- Born: 12 January 1946
- Died: 23 April 1999 (aged 53)
- Occupation: novelist
- Spouses: Paul Carter
- Writing career
- Years active: 1986-1999
- Genres: Children's Fiction
- Notable works: The Fated Sky, Fire, Bed and Bone
- Notable awards: Guardian Children's Fiction Prize 1998 Fire, Bed and Bone Nestlé Smarties Book Prize 1997 Fire, Bed and Bone – Bronze Nestlé Smarties Book Prize 1994 Dimanche Diller

= Henrietta Branford =

English children's writer

Henrietta Diana Primrose Longstaff Branford (12 January 1946 – 23 April 1999) was an English author of children's books. Her greatest success was Fire, Bed and Bone (1997), a historical novel set during the English peasants' revolt of 1381. For that she won the Guardian Children's Fiction Prize, a once-in-a-lifetime book award judged by a panel of British children's writers, and she was a highly commended runner up for the Carnegie Medal from the Library Association, recognising the year's best children's book by a British subject.

== Biography ==
Branford was born in India, and raised in an isolated part of New Forest in Hampshire, where she learned about animals and learned to ride a horse. After living in many other places she moved to Southampton in 1980 with her husband Paul Carter, a photographer, and their three children Jack, Rose and Polly.

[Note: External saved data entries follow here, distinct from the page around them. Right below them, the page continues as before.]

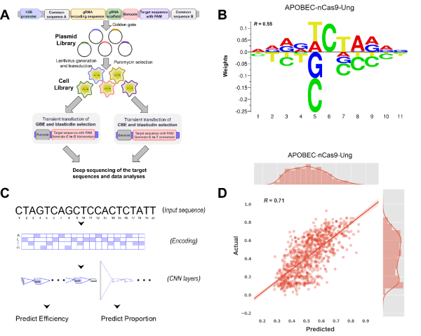 为评估GBE在多个位点的编辑情况,提高其应用潜力,研究人员运用高通量细胞建模技术,在哺乳动物细胞中进行6400多个基因组靶点的GBE编辑,建立了人工智能AI机器学习模型。研究将收集到的数据用于AI训练,得到了预测碱基编辑效率和结果比例的模型。同时,研究基于获得的序列基序,设计出具有高编辑效率的GBE gRNA,且在293T和HeLa两种细胞中证实了GBE机器学习模型可近似预测任意给定GBE gRNA的编辑结果。此外,科研人员利用该模型预测人类疾病相关点突变的建模和校正的编辑结果,提出一系列具有高预测编辑效率的SNP,进一步为单碱基突变引起的疾病的治疗带来希望。该工作克服了GBE技术的序列依赖问题,显著提高其应用能力。
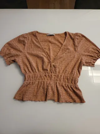 Maglia da donna con un bel design. - Scollo a V. - Maniche corte a sbuffo. - Elastico in vita. - Tessuto traforato.
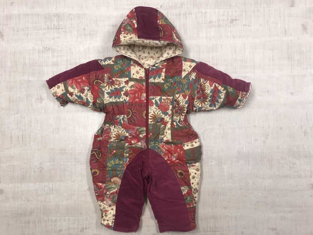 - レトロ オールド ペイズリー ボタニカル 花柄 パッチワーク ボア キッズ 子供服 ベビー オールインワン つなぎ ロンパース パンツ 赤系
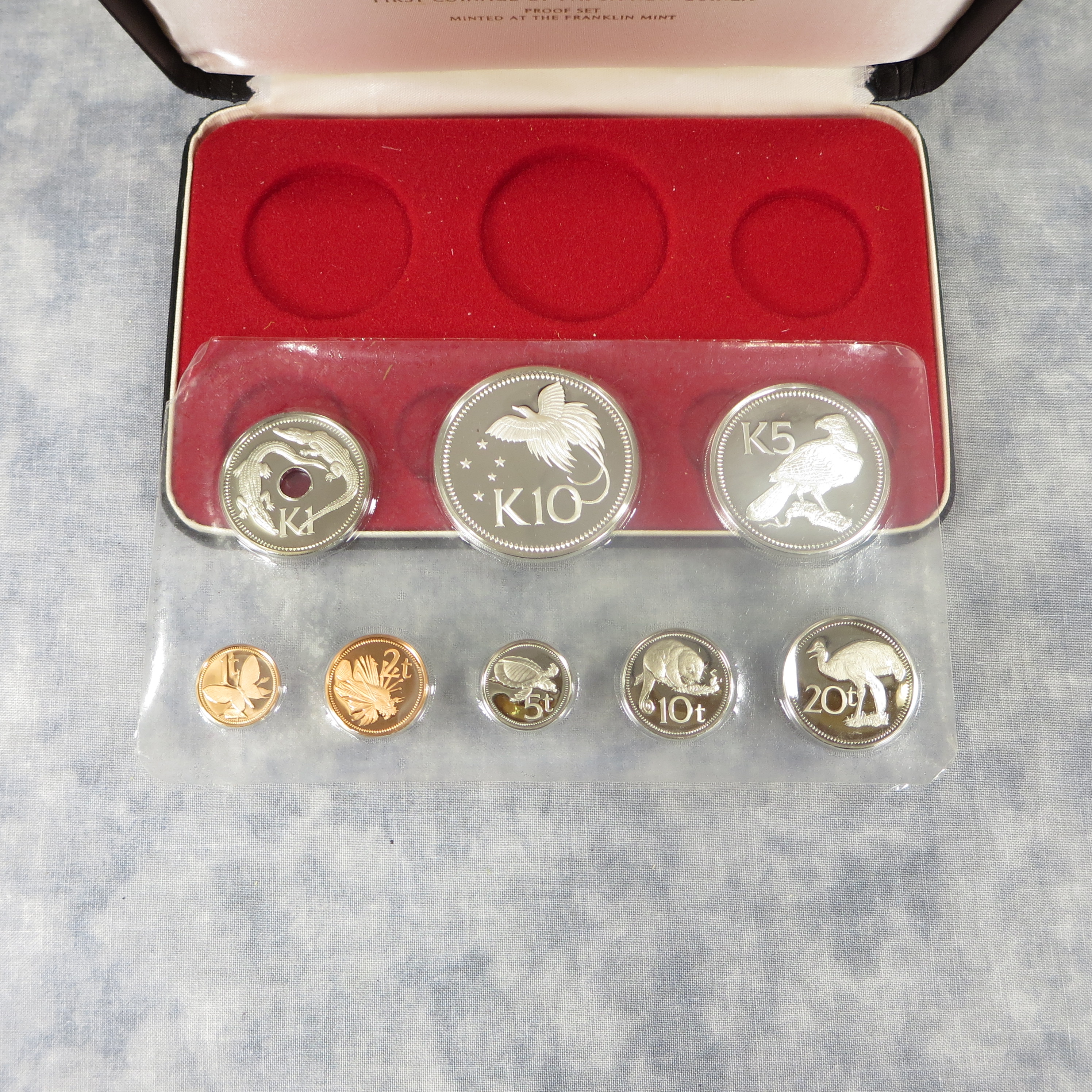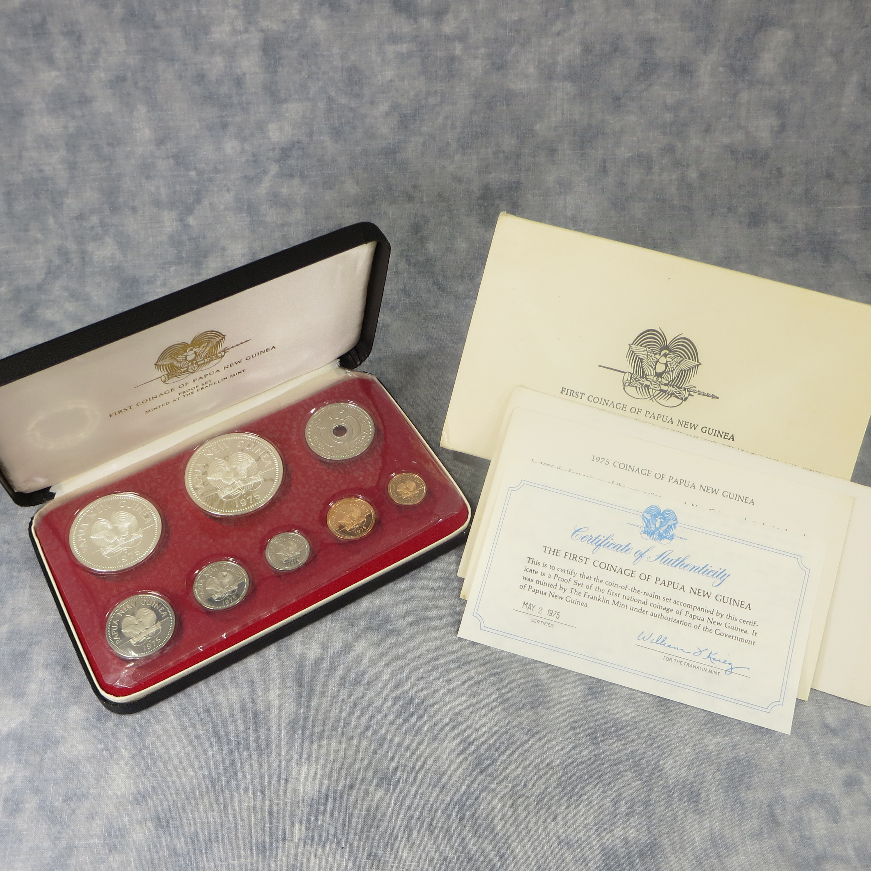 November 04, 2025 - Certified May 2, 1975. The K10 and K5 coins are sterling silver. 8 coin set housed in original presentation case with certificate of authenticity, info card and outer sleeve embossed 'First Coinage of Papua New Guinea Proof Set Minted at The Franklin Mint'.

Branford had a variety of jobs: as a nanny, in shops, hotels and offices, and for a charity helping elderly people in South London. She trained as a community and youth worker at Goldsmiths' College from 1970 to 1972 but didn't enjoy it. She started writing as a career when she was 40 and in the thirteen years before her death she wrote 25 books for children from toddlers to teens. Her first novel was Royal Blunder. The Fated Sky and Fire, Bed and Bone are two notable others.

Branford was diagnosed with breast cancer in December 1997. Subsequently, she endured chemotherapy and three operations but her cancer was too vigorous to be treated effectively. She died at home in Southampton on 23 April 1999.

==Legacy==

After her death, two annual awards were created by Julia Eccleshare (Children's Book Editor at The Guardian) and Anne Marley (head of Children's, Youth & Schools Services for Hampshire Library & Information Service). The Branford Boase Award for first time writers commemorates both Branford and her editor Wendy Boase who also died of cancer in 1999. The Henrietta Branford Writing Competition for children was conceived by Branford who did not have time to establish it.

== Selected works ==

- Royal Blunder (1990)
- Royal Blunder and the Haunted House (1990)
- Clare's Summer (1993)
- Dimanche Diller (1994)
- Dimanche Diller in Danger (1994)
- Someone Somewhere (1995)
- The Theft of Thor's Hammer (1995)
- Nightmare Neighbours (1995)
- Dimanche Diller at Sea (1996)
- Spacebaby (1996)
- The Fated Sky (1996)
- Fire, Bed, and Bone (1997)
- Chance of Safety (1998)
- Myths and Legends (1998)
- White Wolf (1998)
- Prospers Mountain (1999)
- Dipper's Island (1999)
- Ruby Red (1999)
- Little Pig Figwort (2000 posthumously)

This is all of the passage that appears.